┏━━

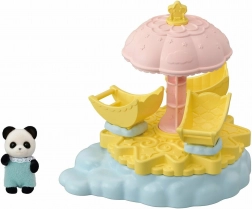 Súčasťou balenia je roztomilá figúrka malej pandy s pohyblivými končatinami, ktorú možno ľahko posadiť na sedadlá alebo postaviť do rôznych polôh. Kompaktné rozmery kolotoča (cca 15 × 14 × 12 cm) sa skvele hodia do každého detského pokojíka aj k ďalším setom Sylvanian Families.
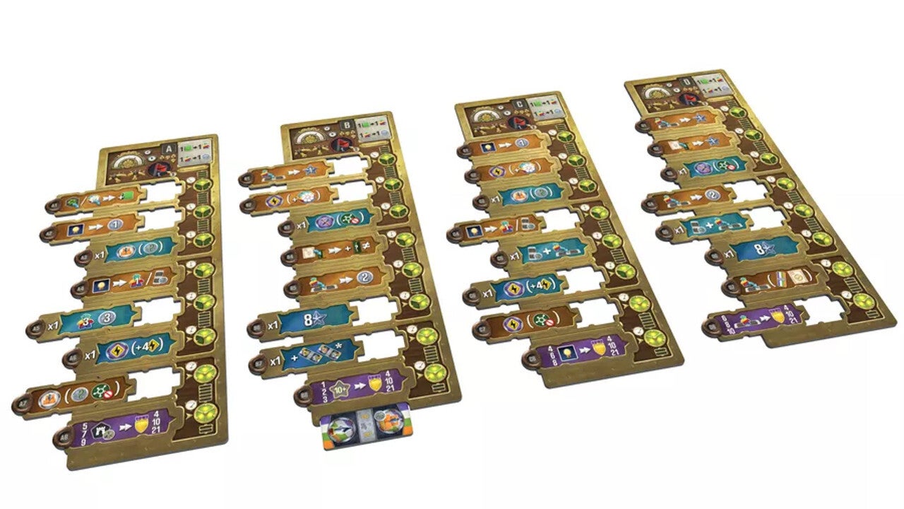 Players earn victory points by developing their networks, building and powering urban buildings, securing contracts, and meeting milestones (randomized endgame goals). Each player also gets unique asymmetric technologies, giving them special powers when unlocked. Gameplay is continuous; players take turns one after another with no rounds or phases.
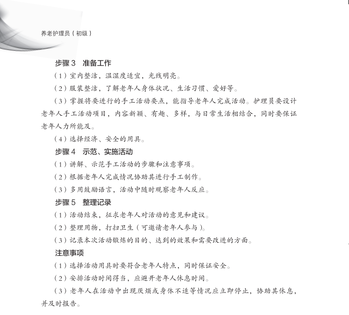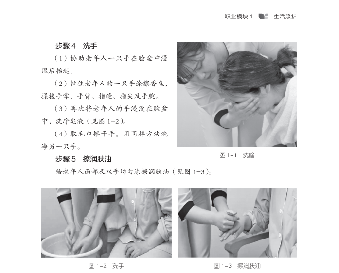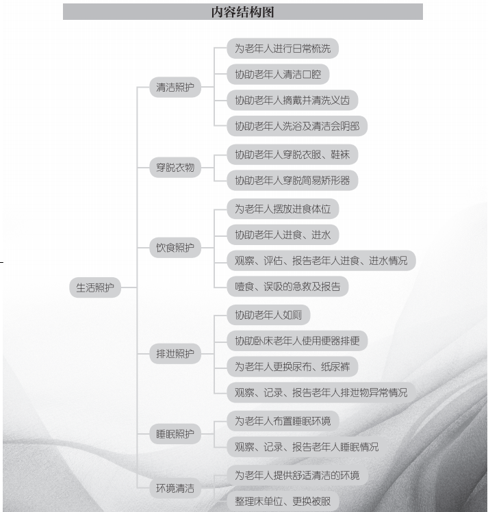 本书是养老护理员等级教材中的一本, 是职业技能等级认定推荐教材, 也是职业技能等级认定题库开发的重要依据, 已纳入国家基本职业培训包教材资源, 适用于职业技能等级认定培训和中短期职业技能培训。本书在编写过程中得到全国卫生职业教育教学指导委员会、 全国民政职业教育教学指导委员会、 解放军总医院、 北京大学医学部医大时代教育发展中心、兰州大学护理学院、 青岛长期照护协会、 北京老年医院、 北京市第一福利院、北京社会管理职业学院、 天津城市职业学院、 北京协力人口与社会发展研究所、广东省社会福利服务中心、 北京中民福祉教育科技有限责任公司、 共好福报( 北京) 养老科技有限公司、 山东颐合华龄养老咨询有限公司等单位的大力支持与协助, 在此一并表示衷心感谢。
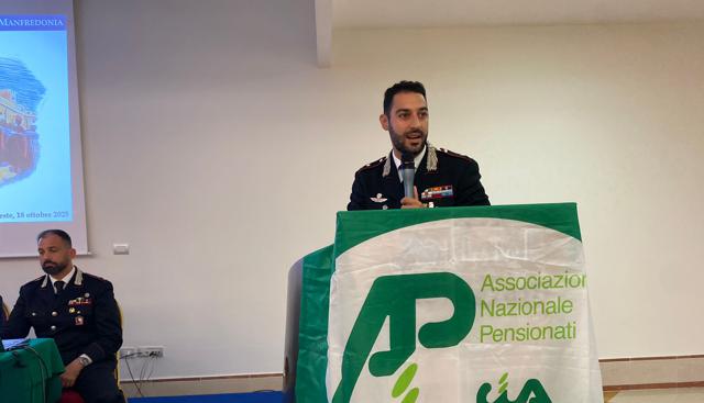 TRUFFE AGLI ANZIANI - Christopher Rossi, Comandante della Compagnia Carabinieri di Manfredonia, ha presentato "Più sicuri insieme", campagna contro le truffe agli anziani. In Puglia nel 2024 sono stati registrati 431 truffe contro gli anziani, oltre a più di 18.000 frodi informatiche. Il Maggiore Christopher Rossi ha illustrato le tipologie più frequenti dei raggiri. Bisogna denunciare, ad aver paura e a provare vergogna devono essere i criminali. A tutti può capitare di essere presi di mira o di essere truffati: informarsi, denunciare e collaborare è fondamentale per stroncare questo odioso fenomeno.
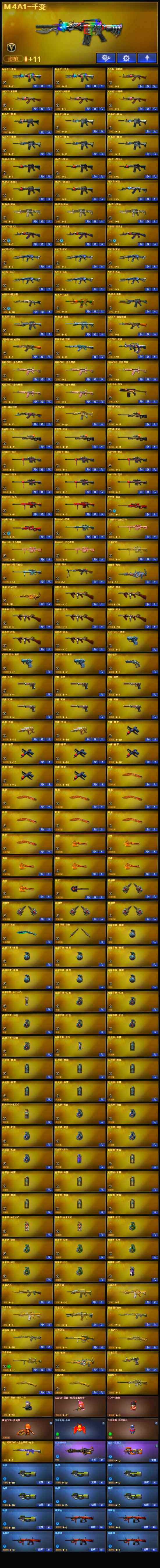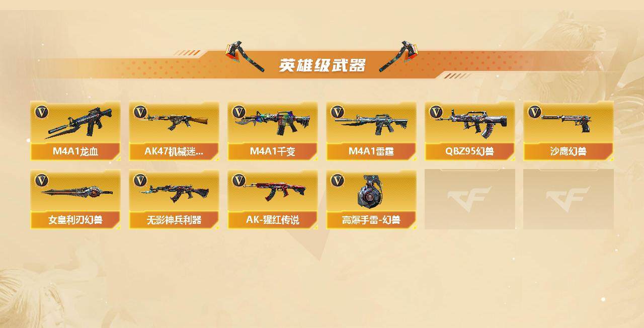【英雄级武器】:M4A1-千变*3,AK47-火麒麟*4,M4A1-黑龙,M4A1-雷神*5,M4A1-黑骑士*5,AK47-无影,M4A1-死神*3,AK47-黑武士*3,AK12-天启*6,AN94-超新星,M4A1-武圣,AK47-机械迷城*2,M4A1-龙血*2,M4A1-雷霆,无影-神兵利器,QBZ95-幻兽,QBZ03-金色蔷薇*5,AK-47-猩红传说,AWM-天龙*4,Barrett-毁灭*6,Barrett-极光*2,AWM-裁决*2,RPK-盘龙,加特林-炼狱,汤姆逊-烈龙*7,沙鹰-修罗*6,沙鹰-天神*2,沙鹰-幻兽*6,屠龙*8,龙啸*6,擎天,麒麟刺*4,女皇利刃-幻兽,高爆手雷-幻兽*6
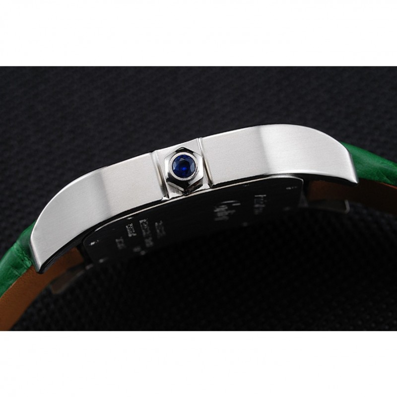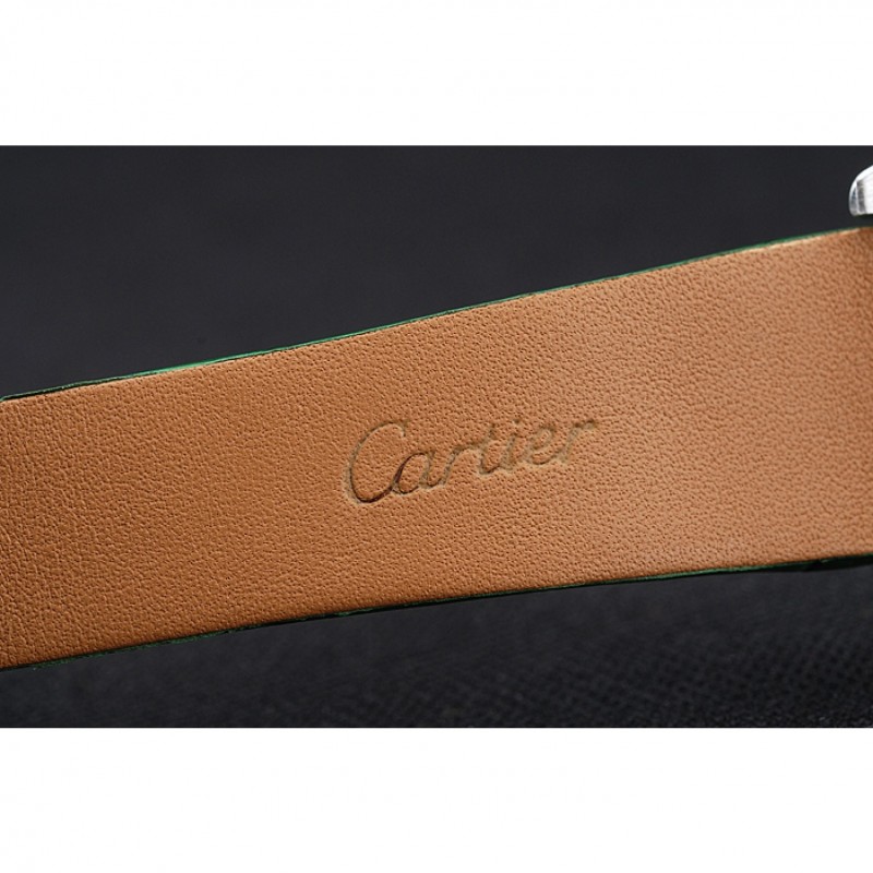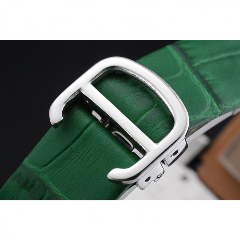 pulsera: correa de piel de cocodrilo verde calor Cartier en relieve con acero inoxidable pulido plegable en corchete
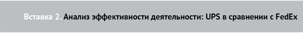 Во вставке 2.2 приведен пример анализа рентабельности активов в случае UPS и FedEx, в результате чего мы можем попытаться определить причины большей прибыльности UPS. Если сложить финансовые данные, количественные показатели стратегий, операционной деятельности и организационной структуры этих двух компаний, а также информацию об общем положении дел в том виде бизнеса, где они конкурируют между собой и с другими рыночными игроками, на этой основе можно сделать вывод, почему UPS показывает большую эффективность, чем FedEx.
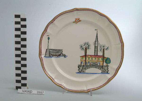 - NOTIZIE STORICO CRITICHE Il piatto piano in esame fa parte del servizio forma "Vecchio Milano" con decoro "Lago Maggiore": vi sono raffigurati una veduta del lungolago di Laveno-Mombello con il Municipio, e alcuni elementi caratteristici della vita sul lago (un porticciolo con una barca da pesca tipica, detta burchiello, all'ancora e un vaso sopra un disegno progettuale in riferimento all'attività di Andlovitz come direttore artistico della S. C. I.), rappresentati in un'atmosfera sospesa e silenziosa, seppur ridente nella resa stilizzata e nel fresco cromatismo delle raffigurazioni. Fin dalla sua nomina a direttore artistico della "S.C.I.", Guido Andlovitz si prefisse di rigenerare le forme tradizionali con decori nuovi. E' il caso della forma "Vecchio Milano" cui adattò nel 1931 il nuovissimo decoro "Lago Maggiore", a conferma che una decorazione nuova, se concepita organicamente, può conferire un aspetto attuale e "scattante" anche a una bella forma tradizionale. Fu certamente uno dei servizi più prestigiosi della produzione del momento se Andlovitz lo concepì in piccolissima serie e se l'azienda gli consentì - caso unico- di firmarlo nella marca. La scritta Verbano e la data 1931 presenti nel marchio suggeriscono che probabilmente il servizio fu realizzato per celebrare nel 1931 l'inizio della produzione di porcellana da tavola a Laveno nello stabilimento Verbano. Nell'ambito dei repertori decorativi creati dall'Andlovtz il decoro "Lago Maggiore" rappresenta un modo frazionato di raffigurare il paesaggio, definito da Mario Munari a "scena spezzata". L'impianto decorativo di queste ceramiche rifugge dalla centralità e dalla strutturazioni lungo diretrici ortogonali, mentre vi predominano l'asimmetria e le fughe visuali sghembe che risentono del gusto per la cineseria e il giapponismo. La semplificazione geometrica degli elementi e il modo di sfumare i corpi nel'intento di suggerirne la volumetria ricorda le opere di Carlo Carrà degli anni venti. Nel decoro "Lago Maggiore" sono presenti espressioni diversificate di un tema molto caro a Guido Andlovitz: i "paesaggi d'acqua" con particolare ricorrenza delle 'barche' raffigurate in una vasta gamma di tipi, generalmente riprese da modelli reali e con divertenti variazioni fantastiche. Il decoro Lago fu applicato in un primo momento sulla forma "Vecchio Milano", poi sulla forma "Pomezia" (1936 ca.). Del decoro Lago esistono diversi disegni originali a matita, pastello, inchiostro e acquerello su carta conservati nel fondo archivistico della "S.C.I.": alcuni di questi raffigurano il decoro proprio sulla forma "Vecchio Milano" con le rifiniture che compaiono sui pezzi finiti. Nel Museo è conservato anche un altro servizio forma "Vecchio Milano" con decoro "Lago Maggiore", ma più ridotto nella quantità e nella varietà dei componenti e con filettatura monocroma (num. inv. 2051...3517). Negli anni '90 la Richard Ginori ha rimesso in produzione il servizio Lago.\nIl servizio in esame è eseguito a colaggio, mentre i decori sono realizzati a decalcomania (o transfer): si vedano in proposito le lastre in rame acciaiato conservate nel Museo e raffiguranti molti dei decori presenti nel servizio in combinazioni diversificate (nn. inv. 2480, 2483, 2484, 2485). Tipologicamente si lega ad un servizio da caffé (num. inv. 2672...2900).\nIl piatto piano è stato donato da Vanna Scotti Meregalli, nipote di Vanna Scotti, figlia dell'Ing. Luciano Scotti che fu direttore generale della "S.C.I." dal 1916.

┗━━

AIM OF THE EXERCISE — Your reply should hold only the records, duplicated exactly, without any image.

REPLY —
 Súčasťou balenia je roztomilá figúrka malej pandy s pohyblivými končatinami, ktorú možno ľahko posadiť na sedadlá alebo postaviť do rôznych polôh. Kompaktné rozmery kolotoča (cca 15 × 14 × 12 cm) sa skvele hodia do každého detského pokojíka aj k ďalším setom Sylvanian Families.
 Players earn victory points by developing their networks, building and powering urban buildings, securing contracts, and meeting milestones (randomized endgame goals). Each player also gets unique asymmetric technologies, giving them special powers when unlocked. Gameplay is continuous; players take turns one after another with no rounds or phases.
 本书是养老护理员等级教材中的一本, 是职业技能等级认定推荐教材, 也是职业技能等级认定题库开发的重要依据, 已纳入国家基本职业培训包教材资源, 适用于职业技能等级认定培训和中短期职业技能培训。本书在编写过程中得到全国卫生职业教育教学指导委员会、 全国民政职业教育教学指导委员会、 解放军总医院、 北京大学医学部医大时代教育发展中心、兰州大学护理学院、 青岛长期照护协会、 北京老年医院、 北京市第一福利院、北京社会管理职业学院、 天津城市职业学院、 北京协力人口与社会发展研究所、广东省社会福利服务中心、 北京中民福祉教育科技有限责任公司、 共好福报( 北京) 养老科技有限公司、 山东颐合华龄养老咨询有限公司等单位的大力支持与协助, 在此一并表示衷心感谢。
 TRUFFE AGLI ANZIANI - Christopher Rossi, Comandante della Compagnia Carabinieri di Manfredonia, ha presentato "Più sicuri insieme", campagna contro le truffe agli anziani. In Puglia nel 2024 sono stati registrati 431 truffe contro gli anziani, oltre a più di 18.000 frodi informatiche. Il Maggiore Christopher Rossi ha illustrato le tipologie più frequenti dei raggiri. Bisogna denunciare, ad aver paura e a provare vergogna devono essere i criminali. A tutti può capitare di essere presi di mira o di essere truffati: informarsi, denunciare e collaborare è fondamentale per stroncare questo odioso fenomeno.
【英雄级武器】:M4A1-千变*3,AK47-火麒麟*4,M4A1-黑龙,M4A1-雷神*5,M4A1-黑骑士*5,AK47-无影,M4A1-死神*3,AK47-黑武士*3,AK12-天启*6,AN94-超新星,M4A1-武圣,AK47-机械迷城*2,M4A1-龙血*2,M4A1-雷霆,无影-神兵利器,QBZ95-幻兽,QBZ03-金色蔷薇*5,AK-47-猩红传说,AWM-天龙*4,Barrett-毁灭*6,Barrett-极光*2,AWM-裁决*2,RPK-盘龙,加特林-炼狱,汤姆逊-烈龙*7,沙鹰-修罗*6,沙鹰-天神*2,沙鹰-幻兽*6,屠龙*8,龙啸*6,擎天,麒麟刺*4,女皇利刃-幻兽,高爆手雷-幻兽*6
 pulsera: correa de piel de cocodrilo verde calor Cartier en relieve con acero inoxidable pulido plegable en corchete
 Во вставке 2.2 приведен пример анализа рентабельности активов в случае UPS и FedEx, в результате чего мы можем попытаться определить причины большей прибыльности UPS. Если сложить финансовые данные, количественные показатели стратегий, операционной деятельности и организационной структуры этих двух компаний, а также информацию об общем положении дел в том виде бизнеса, где они конкурируют между собой и с другими рыночными игроками, на этой основе можно сделать вывод, почему UPS показывает большую эффективность, чем FedEx.
 - NOTIZIE STORICO CRITICHE Il piatto piano in esame fa parte del servizio forma "Vecchio Milano" con decoro "Lago Maggiore": vi sono raffigurati una veduta del lungolago di Laveno-Mombello con il Municipio, e alcuni elementi caratteristici della vita sul lago (un porticciolo con una barca da pesca tipica, detta burchiello, all'ancora e un vaso sopra un disegno progettuale in riferimento all'attività di Andlovitz come direttore artistico della S. C. I.), rappresentati in un'atmosfera sospesa e silenziosa, seppur ridente nella resa stilizzata e nel fresco cromatismo delle raffigurazioni. Fin dalla sua nomina a direttore artistico della "S.C.I.", Guido Andlovitz si prefisse di rigenerare le forme tradizionali con decori nuovi. E' il caso della forma "Vecchio Milano" cui adattò nel 1931 il nuovissimo decoro "Lago Maggiore", a conferma che una decorazione nuova, se concepita organicamente, può conferire un aspetto attuale e "scattante" anche a una bella forma tradizionale. Fu certamente uno dei servizi più prestigiosi della produzione del momento se Andlovitz lo concepì in piccolissima serie e se l'azienda gli consentì - caso unico- di firmarlo nella marca. La scritta Verbano e la data 1931 presenti nel marchio suggeriscono che probabilmente il servizio fu realizzato per celebrare nel 1931 l'inizio della produzione di porcellana da tavola a Laveno nello stabilimento Verbano. Nell'ambito dei repertori decorativi creati dall'Andlovtz il decoro "Lago Maggiore" rappresenta un modo frazionato di raffigurare il paesaggio, definito da Mario Munari a "scena spezzata". L'impianto decorativo di queste ceramiche rifugge dalla centralità e dalla strutturazioni lungo diretrici ortogonali, mentre vi predominano l'asimmetria e le fughe visuali sghembe che risentono del gusto per la cineseria e il giapponismo. La semplificazione geometrica degli elementi e il modo di sfumare i corpi nel'intento di suggerirne la volumetria ricorda le opere di Carlo Carrà degli anni venti. Nel decoro "Lago Maggiore" sono presenti espressioni diversificate di un tema molto caro a Guido Andlovitz: i "paesaggi d'acqua" con particolare ricorrenza delle 'barche' raffigurate in una vasta gamma di tipi, generalmente riprese da modelli reali e con divertenti variazioni fantastiche. Il decoro Lago fu applicato in un primo momento sulla forma "Vecchio Milano", poi sulla forma "Pomezia" (1936 ca.). Del decoro Lago esistono diversi disegni originali a matita, pastello, inchiostro e acquerello su carta conservati nel fondo archivistico della "S.C.I.": alcuni di questi raffigurano il decoro proprio sulla forma "Vecchio Milano" con le rifiniture che compaiono sui pezzi finiti. Nel Museo è conservato anche un altro servizio forma "Vecchio Milano" con decoro "Lago Maggiore", ma più ridotto nella quantità e nella varietà dei componenti e con filettatura monocroma (num. inv. 2051...3517). Negli anni '90 la Richard Ginori ha rimesso in produzione il servizio Lago.\nIl servizio in esame è eseguito a colaggio, mentre i decori sono realizzati a decalcomania (o transfer): si vedano in proposito le lastre in rame acciaiato conservate nel Museo e raffiguranti molti dei decori presenti nel servizio in combinazioni diversificate (nn. inv. 2480, 2483, 2484, 2485). Tipologicamente si lega ad un servizio da caffé (num. inv. 2672...2900).\nIl piatto piano è stato donato da Vanna Scotti Meregalli, nipote di Vanna Scotti, figlia dell'Ing. Luciano Scotti che fu direttore generale della "S.C.I." dal 1916.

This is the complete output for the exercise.